Australian singer-songwriter and musician

Jessica Mimi Porfiri (born 13 October 1994), who performs as Kota Banks, is an Australian pop singer-songwriter and musician. She signed to Nina Las Vegas's label, NLV Records, in May 2017, which released Banks' ten-track extended play, Prize (styled as PRIZE), as a mix tape in mid-2018. Banks has co-written songs for fellow Australian artists. She supported What So Not on his national tour. By November 2017, her music had accumulated over 20 million plays on Spotify.

==Early life==
Kota Banks was born in 1994 in Sydney, Australia, as Jessica Mimi Porfiri, in Sydney. She spent her late childhood and teens in Florence. Banks has been singing since the age of 9. She returned to Sydney.

==Personal life==
Banks is a Christian. She prays every time she writes music. In an article with The Daily Telegraph, she said:"I just feel like it [praying] gives me more depth to my songwriting and opens my mind."

==Career==
Banks' debut single, "N.F.F.A.", was issued in 2016 and was co-written by Banks with Lee Chew (or Toby Chew-Lee) and Cameron Nacson. It was produced by the duo as MOZA. Troy Mutton of Pile Rats described how she, "dabbles in some seriously fun electronic-pop", and described her single as a "bold track both production-wise and lyrically, catchy as and slotting right alongside artists such as Nicole Millar, Jess Kent and Danish artist MØ."

Her second single, "Holiday", appeared in 2017, which was co-written with Danny Omerhodic, who produced the track for NLV Records, as Swick. "Empty Streets" featuring MOZA, was her next single in that year, which was also co-written with Chew and Nacson. For the Junior Eurovision Song Contest of 2017, Banks, Chew and Nacson, with Chloe Papandrea, co-wrote Australia's entry, "Speak Up". It was performed by Isabella Clarke in Tbilisi, where Clarke finished third.

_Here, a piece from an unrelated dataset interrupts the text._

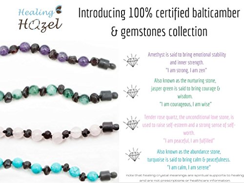 -. Binding : Baby Product -. Brand : Healing Hazel -. EAN : 0859722001693 -. Feature : Handmade with 100% certified Baltic amber / Must be in contact with the skin / May be in contact with plain water, however it is preferable to remove it before bathing or swimming to increase its lifespan / This product has a safety release and is accredited by the Consumer Product Safety Commission / You should be able to run two fingers along your baby's neck under the necklace -. IsAdultProduct : 0 -. Label : Healing Hazel -. Manufacturer : Healing Hazel -. ProductGroup : Baby Product -. ProductTypeName : BABY_PRODUCT -. Publisher : Healing Hazel -. Size : 10.5 inches -. Studio : Healing Hazel -. Title : 100% Certified Balticamber Pop Clasp Baby Necklace with Gemstones, Tender Rose Quartz, 10 1/2'' -. UPC : 859722001693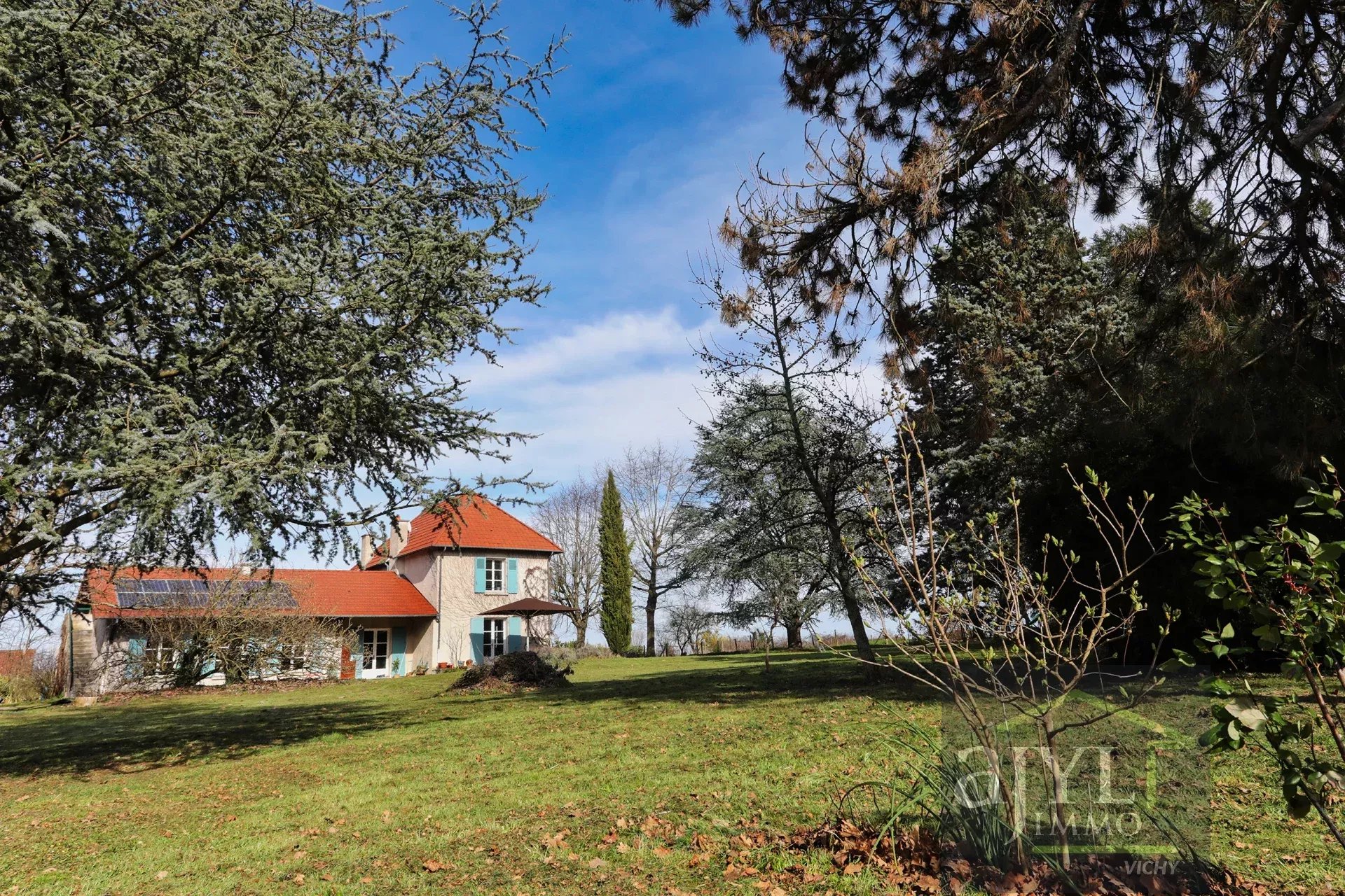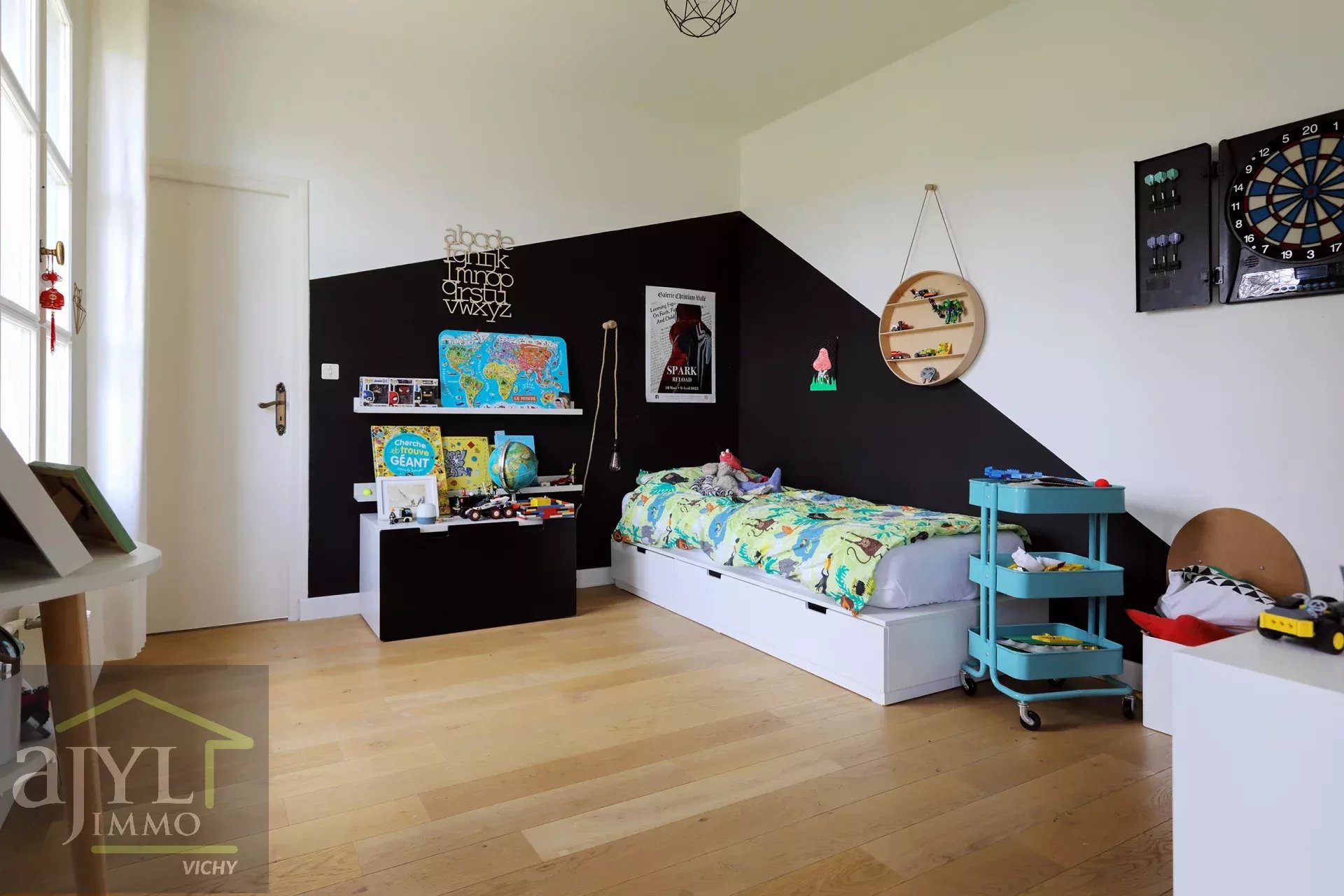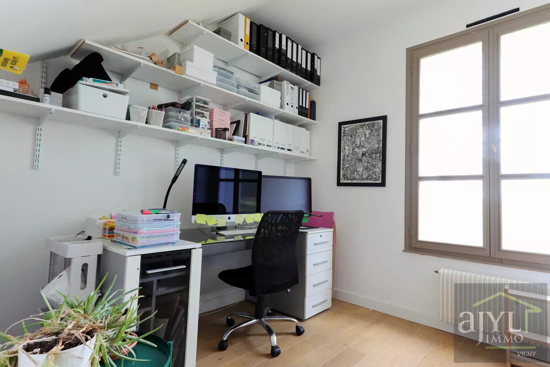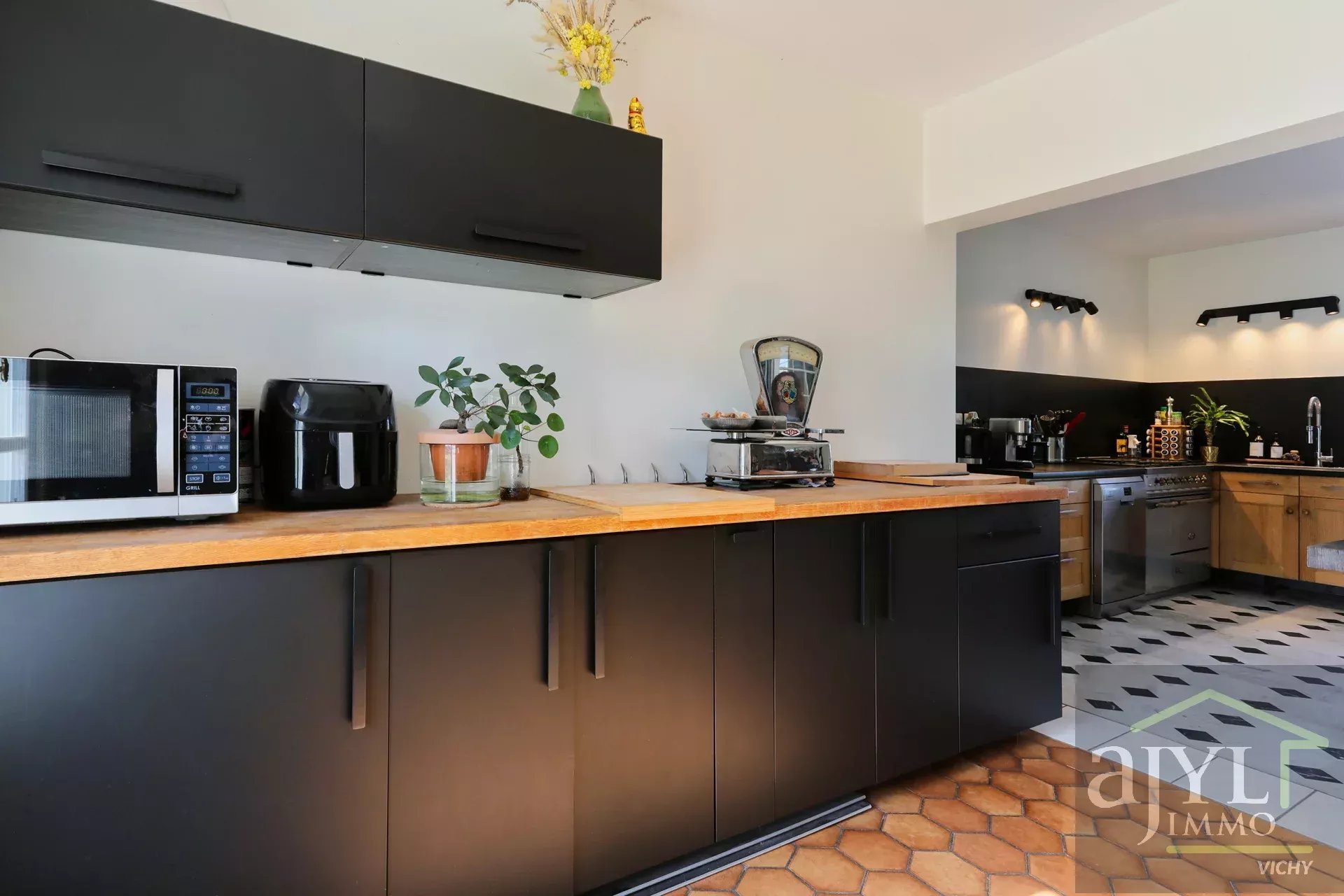 À seulement 9 km de Vichy, belle propriété de caractère d’environ 220 m² habitables, nichée au cœur d’un parc arboré de 6 000 m² — intimité, luminosité et volumes généreux. Rez-de-chaussée (vie de plain-pied possible) : • Entrée / hall 25 m² avec cheminée • Salon lumineux 50 m² avec cheminée • Cuisine équipée + espace repas 30 m² • Bureau, 2 chambres, salle d’eau, WC indépendant, buanderie/chaufferie Étage : • Palier spacieux, 2 chambres (25 m² / 13 m²) • Rangements sur mesure (placards/dressing), salle de bains, WC indépendant Extérieurs & annexes : • Atelier 120 m² au sol avec mezzanine (partie isolée aménageable en bureau) • Garage attenant • Terrain piscinable (fort potentiel aménagement piscine / terrasse) • Toiture refaite en 2022 — travaux structurels récents • Panneaux photovoltaïques rapportant environ 1 800 €/an Travaux & potentiel : quelques rafraîchissements (peinture, salle de bains) permettront de révéler tout le cachet de la maison. Idéale pour famille cherchant espace et tranquillité, ou pour projet mêlant habitation et activité (atelier). Points forts : parc 6 000 m² • volumes lumineux • atelier 120 m² • toiture 2022 • revenus photovoltaïques • proximité Vichy (9 km).

For the FOMO Festival in Adelaide, Banks joined Nina Las Vegas (a.k.a. Nina Agzarian) on-stage to perform "Holiday" in January 2018. The pair co-wrote "Alibrandi" with Omerhodic, which Las Vegas performs using Banks on vocals. In March her single, "Zoom", was premiered on Triple J's Good Nights and subsequently received high rotation on the national youth radio station. Triple J's Al Newstead declared, "this [track] has grown on us hard. It's a fun, flirty mix of dancehall and pop elevated by the fanciful production."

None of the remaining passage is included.